どちらも、「やり過ぎは見破られる」リスクがありますが、相手が固い守備をしてきた時には非常に有効です。状況を見極めて使い分けましょう。
シザースと組み合わせたい他のフェイント
シザース単体でも十分ですが、より守備者を惑わせたいなら他フェイントとの組み合わせも効果的です。
- インアウト(切り返し)との組み合わせ:シザース後に反対側へ切り返してさらに相手裏を取る。
- 足裏ロール:シザースで相手の重心を動かした直後に足裏でボールを引き瞬間的に逆方向へ。
- ビハインド・ザ・レッグ:最後の仕上げとして、足の後ろを通すなど、技のバリエーションでギャップを生みましょう。
実戦で成功率を上げるためのコツ
1vs1に強くなりたいなら、“決め動作”としてのシザースだけでなく「いつ、なぜ使うのか」を意識してください。状況判断・相手との距離感・スピード差に合わせた工夫が全て。練習では一歩ずつ丁寧に動作を磨き、実戦では迷いなく使う勇気が大切です。シザースが“自分の型”になれば、おのずとプレーの幅も広がります。
上達のための日常練習メニュー
一人でできる基礎練習
自宅や公園、グラウンドの隅などでもできる基礎ドリルが多数あります。
- 静止ボールでの繰り返し:止まっているボールを、正しいボディバランスで左右交互にまたぐ。フォームを鏡やスマホ動画でチェックすると客観的に修正できます。

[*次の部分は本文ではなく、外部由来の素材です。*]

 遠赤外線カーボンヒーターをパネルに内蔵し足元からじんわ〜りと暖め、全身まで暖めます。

- 前進しながらのシザース:ゆっくり歩きながらボールを動かし、毎回またぐたびに少しずつ前へ進むと、実戦と近い感覚が身につきます。
親子・仲間とできるシザース練習法
身近な人と取り組むと、楽しみながら効果的な反復が可能です。
- 1対1フェイント対決:攻守に分かれて、互いに抜かれたら交代。緊張感の中で実践的なステップを磨けます。

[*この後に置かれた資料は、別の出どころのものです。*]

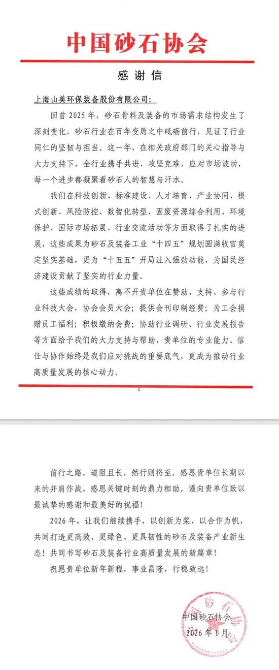 在這個(gè)充滿挑戰(zhàn)與機(jī)遇并存的時(shí)代,每一個(gè)攜手同行的瞬間都顯得尤為珍貴。近日,上海山美股份收到來自中國砂石協(xié)會(huì)的感謝信。信中提到了過去一年上海山美股份在協(xié)會(huì)各項(xiàng)事務(wù)中鼎力支持和重視,并對(duì)上海山美股份多年以來為行業(yè)和協(xié)會(huì)發(fā)展作出的重要貢獻(xiàn)表示感謝。

- 親子並走やコーチと一緒に:コーチ役の人が進行方向を声かけし、右、左と指示を与える事で判断力・即時性もアップします。
トレーニングで意識すべきポイント
シザース練習の際は、「一つ一つの動きを丁寧に」実施しましょう。特に陥りがちなのが、“数をこなそう”とするあまり雑になるパターン。正しいフォームで動く→ポイントだけ早くする→実戦的なスピードにつなげる、という順が遠回りに見えて結果的に一番の近道となります。反復こそ最大の上達法です。
シザースが得意な選手の特徴と参考動画
国内外のシザース巧者に学ぶ
世界のサッカーに目を向けると、多くのスーパースターがシザースを得意技にしています。例えば、ポルトガル代表のクリスティアーノ・ロナウド選手は、本人自身「ナチュラルに出る」と語るほど試合中も躊躇せず使い続け、トップレベルの守備陣すら一瞬で翻弄。在籍時のマンチェスター・ユナイテッドでは若干20歳台前半でシザースを武器にビッグクラブのエースへと成長しました。

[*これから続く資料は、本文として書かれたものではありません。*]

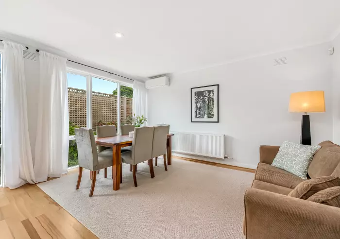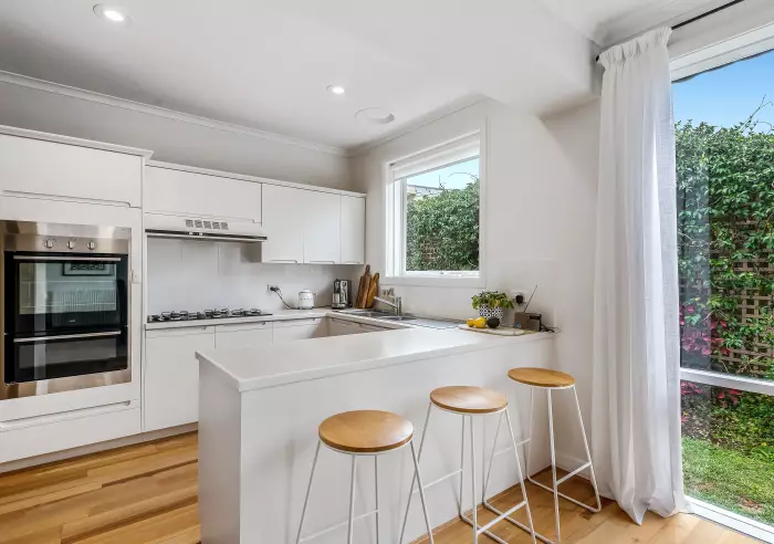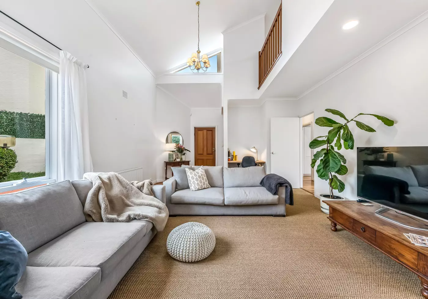 This elegant and pristine property offers a wonderful opportunity for easy living on the edge of Church Street. Located in a tightly held and beautifully maintained complex, the sun-drenched interior soars high with vaulted ceilings upon entry, creating a sensational sense of space and light. A free flowing & flexible design connects the generous and stunning formal lounge with the north-west facing casual meals and living area. The updated kitchen is well appointed with gas cooktop, wall oven, dishwasher and extensive storage. Completing the ground level is a separate powder room & full-size laundry with external access to the rear yard.
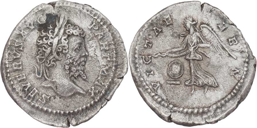 AR Denár, Rv:"VICT.AETERN.", Victoria zleva, štít, S.1688, RIC.170 - minc. Řím - ražba z let 200 - 201, nep.exc., skvrna, patina

国内でも、Jリーグのサイドアタッカーやユース出身のドリブラーの中にシザースが得意とされる選手が数多くいます。特徴としては、フィジカルよりも敏捷性と駆け引き力、そして勇気を持って仕掛ける姿勢が共通しています。
動画で動きをイメージしよう
テキストと写真だけでは動きのニュアンスが伝わりにくいものです。ぜひ、シザースドリブルが特長的な選手のプレー動画を確認してみましょう。何よりも本物の動きは自分自身のヒントになります。試合映像やオンラインの練習動画から「リズム感」「切り替え」「タイミング」を吸収し、イメージトレーニングに役立ててください。
よくあるQ&A|シザース習得の悩みを解決
動きがぎこちない/遅いと感じる時は?
多くの人が最初につまずくポイントです。動きが不自然になる原因は「動作を意識しすぎてしまうこと」「足だけで動きが硬直してしまうこと」が挙げられます。解決のためには、スローな速度から丁寧に、身体全体を連動させて行うのが近道です。鏡や動画撮影を活用し、動作を確認しながら反復しましょう。
実戦でシザースがうまく使えない
練習ではできても、試合だとタイミングを逃しがち…という悩みもよく聞きます。実戦では、「迷いなく仕掛ける勇気」と「慣れておくこと」が大切です。普段の練習から、一瞬でも迷ったら敢えてシザースを使う・使わないの判断を速くする癖をつけましょう。アップやミニゲーム段階で必ず一回はチャレンジ、とマイルールを作るのも有効です。
練習メニューの組み立て例
- ウォーミングアップ:静止ボールでの左右シザース10回ずつ
- 基礎トレーニング:歩きながらシザース→ドリブル→持ち出しまでの連続動作
- 応用ドリル:対人1対1で必ず1回はシザースを使うルールでミニゲーム
ポイントは「止め→動きながら→対人」と段階的に応用していくことです。
ケガ予防・パフォーマンスアップのための注意点
シザースは下半身に大きな負荷がかかるため、ウォーミングアップは欠かせません。特にもも裏(ハムストリングス)や内転筋・足首のストレッチ、動的ウォームアップを入念に行いましょう。また、グラウンド状況やスパイクの選択も安全面で重要です。上半身もリラックスさせ、無理な力みを避けることがケガ予防・動きの柔軟性アップにつながります。
まとめ|シザース習得がサッカー上達に繋がる理由
シザースは、単なるテクニックという枠を超え、「駆け引き」「判断力」「勇気」といったサッカーに必要なすべての要素が詰まっています。だからこそ一度身につけば、どんなポジションやシチュエーションでも活かせる自信と武器になります。“抜ける選手”は、チームの攻撃力を押し上げ、ピッチでの存在感もグッと増すものです。ぜひ今日から、基礎から丁寧に、時には遊び心も持ってシザースをマスターしてください。きっとサッカーが、今まで以上に楽しく自由なものになるはずです!